Felda, which also produces rubber and sugar, reported a 46 percent drop in profit to 192.2 million ringgit for the three months ended March 31. This was partly because of accounting changes after a business structure revamp, Chief Financial Officer Ahmad Tifli Mohd Talha said in a phone interview.
Relative Value
The company remains “quite positive” it can still achieve its full-year profit target this year, Sabri told reporters in Kuala Lumpur today, without providing an earnings forecast.

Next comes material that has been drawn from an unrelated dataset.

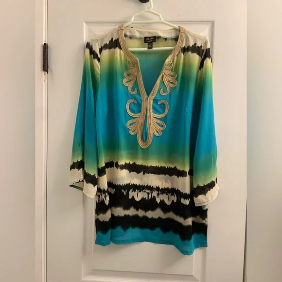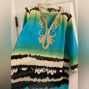 Elegant tunic with a striking color blend. Features intricate neckline embroidery. Ideal for any occasion.

The Felda shares were priced at 14.2 times estimated full- year earnings, a person familiar with the matter said June 14. This compares with 14.7 times at local rival Sime Darby Bhd. (SIME), the world’s largest palm-oil company by acreage, and 9.9 times at Singapore’s Golden Agri-Resources Ltd., data compiled by Bloomberg show.

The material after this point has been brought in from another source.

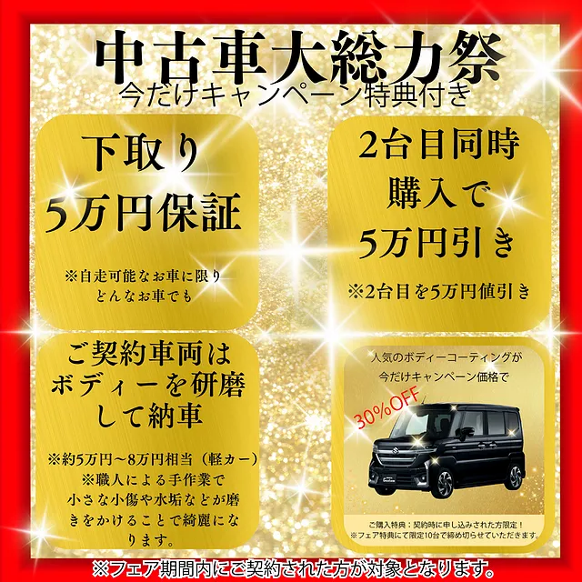 また、「2台同時購入で5万円引き」といった嬉しいサービスは、

Facebook’s 28-year-old founder Mark Zuckerberg persuaded investors to pay about 107 times reported earnings, a higher price-to-earnings multiple than almost every company in the Standard & Poor’s 500 index.

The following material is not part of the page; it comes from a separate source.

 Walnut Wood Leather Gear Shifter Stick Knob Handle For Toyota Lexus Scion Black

Felda “won’t tank, it won’t be like Facebook,” Lye Thim Loong, who helps manage $500 million at Libra Invest Bhd. in Kuala Lumpur and subscribed for the Malaysian company’s shares, said before the debut. “It’s not as expensive.”
Felda, the largest shareholder of sugar refiner MSM Malaysia Holdings Bhd. (MSM), has 355,864 hectares (879,359 acres) of leased or managed palm and rubber plantations in the Southeast Asian nation.
It also has land in Indonesia, as well as overseas palm oil refining businesses, soybean and canola-crushing operations and a U.S. oleochemicals plant, the prospectus shows.
Global Ambition
“We want to be a global player,” Sabri said. The company intends to use part of its IPO’s proceeds to expand its palm oil upstream operations in Indonesia and venture into Africa. Cambodia and Myanmar are being targeted for rubber and sugar respectively, he said.
The group is part of the Federal Land Development Authority, a government agency formed in 1956 with World Bank funding to help steer the rural poor out of poverty by providing them with land to plant. Key to its creation was Abdul Razak Hussein, Malaysia’s second prime minister and father of current leader Najib Razak.
Najib, who must call elections by early next year, announced windfall one-off payments to plantation workers and their families, known as settlers, amounting to 1.69 billion ringgit on May 8. A trust will be set up to hold 20 percent of Felda shares for planters after the IPO so that they can reap dividends, he said.
“Political patronage will always be high as Felda has over 112,000 settlers who vote in many key rural constituencies,” Khor Yu Leng, an independent agribusiness analyst, said in an e- mail interview.